**WHAT TO WORK ON:**
In the records below, repeat word for word only the lines starting at the one that contains "Lot 319 1996" and ending at the one that contains "3、到2025年,多個(gè", pictures excluded.

**RECORDS SHOWN:**
########################################

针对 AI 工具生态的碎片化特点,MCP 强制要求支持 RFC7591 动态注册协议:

########################################

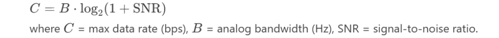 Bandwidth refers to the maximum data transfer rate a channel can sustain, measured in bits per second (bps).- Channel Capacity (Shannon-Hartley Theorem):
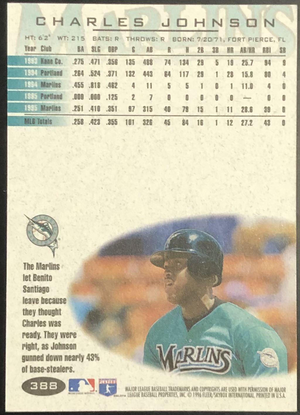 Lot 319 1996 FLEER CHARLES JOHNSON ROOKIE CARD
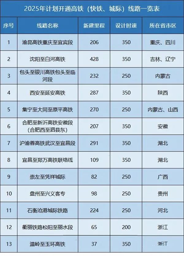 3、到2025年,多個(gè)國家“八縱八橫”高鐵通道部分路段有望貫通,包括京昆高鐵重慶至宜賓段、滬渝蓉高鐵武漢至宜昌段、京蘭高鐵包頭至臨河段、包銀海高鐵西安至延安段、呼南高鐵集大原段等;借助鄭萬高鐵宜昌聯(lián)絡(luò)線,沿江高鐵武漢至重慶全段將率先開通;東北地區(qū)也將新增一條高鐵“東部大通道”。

########################################

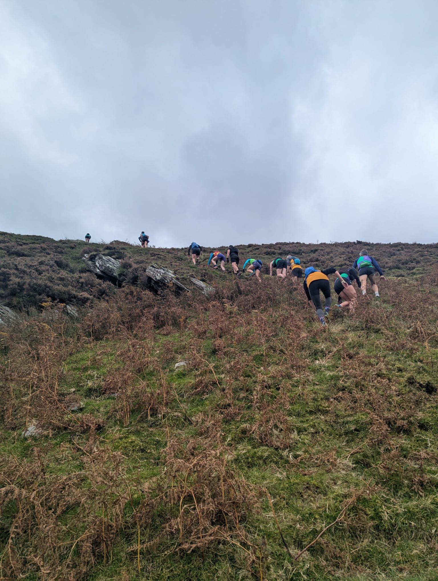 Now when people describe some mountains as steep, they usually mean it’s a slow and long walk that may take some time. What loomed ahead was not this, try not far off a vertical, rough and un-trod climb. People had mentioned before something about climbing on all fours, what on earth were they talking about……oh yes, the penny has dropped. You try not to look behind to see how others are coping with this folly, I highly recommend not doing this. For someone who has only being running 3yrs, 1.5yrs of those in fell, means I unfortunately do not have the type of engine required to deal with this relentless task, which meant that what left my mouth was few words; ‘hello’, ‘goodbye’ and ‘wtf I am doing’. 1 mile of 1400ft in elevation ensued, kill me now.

########################################

**ANSWER SPACE:**
 Lot 319 1996 FLEER CHARLES JOHNSON ROOKIE CARD
 3、到2025年,多個(gè)國家“八縱八橫”高鐵通道部分路段有望貫通,包括京昆高鐵重慶至宜賓段、滬渝蓉高鐵武漢至宜昌段、京蘭高鐵包頭至臨河段、包銀海高鐵西安至延安段、呼南高鐵集大原段等;借助鄭萬高鐵宜昌聯(lián)絡(luò)線,沿江高鐵武漢至重慶全段將率先開通;東北地區(qū)也將新增一條高鐵“東部大通道”。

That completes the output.